*** Given data ***

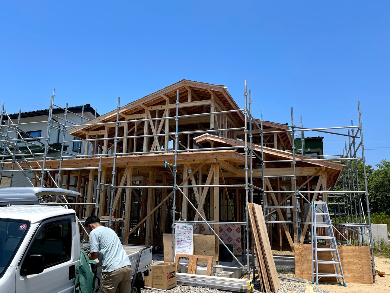 さて、昨日は堂下のお手伝いで一昨日上棟した志賀町の現場へ行ってきました。
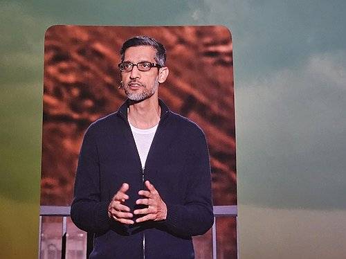 (라스베이거스=연합뉴스) 김현수 기자 = 순다르 피차이 구글 최고경영자(CEO)는 연례 기술 콘퍼런스 '구글 클라우드 넥스트 2025' 개막을 하루 앞둔 8일(현지시간) 스피어에서 열린 축하 행사에 깜짝 등장해 AI를 활용한 '오즈의 마법사' 재해석 프로젝트를 공개했다. 사진은 순다르 피차이 구글 최고경영자(CEO). 2025.4.9
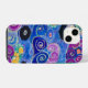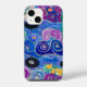 A kaleidoscope of colors forms swirling patterns and floral motifs, creating a lively visual tapestry. The use of bold blues, purples, and greens combines with striking pinks and yellows to evoke an intricate, whimsical feel. The artwork's complexity and vivid colors suggest a playful yet sophisticated design.
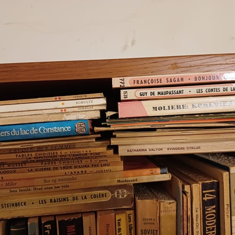 Jeg sælger en pragtfuld samling af franske litteraturbøger, La Bibliothèque, bestående af bindede volumer i hvide æsker, nummererede.

*** End of Given data ***

▶ _Brief_
Could you give the listing again exactly, minus its pictures?

▶ _Your solution_
 さて、昨日は堂下のお手伝いで一昨日上棟した志賀町の現場へ行ってきました。
 (라스베이거스=연합뉴스) 김현수 기자 = 순다르 피차이 구글 최고경영자(CEO)는 연례 기술 콘퍼런스 '구글 클라우드 넥스트 2025' 개막을 하루 앞둔 8일(현지시간) 스피어에서 열린 축하 행사에 깜짝 등장해 AI를 활용한 '오즈의 마법사' 재해석 프로젝트를 공개했다. 사진은 순다르 피차이 구글 최고경영자(CEO). 2025.4.9
 A kaleidoscope of colors forms swirling patterns and floral motifs, creating a lively visual tapestry. The use of bold blues, purples, and greens combines with striking pinks and yellows to evoke an intricate, whimsical feel. The artwork's complexity and vivid colors suggest a playful yet sophisticated design.
 Jeg sælger en pragtfuld samling af franske litteraturbøger, La Bibliothèque, bestående af bindede volumer i hvide æsker, nummererede.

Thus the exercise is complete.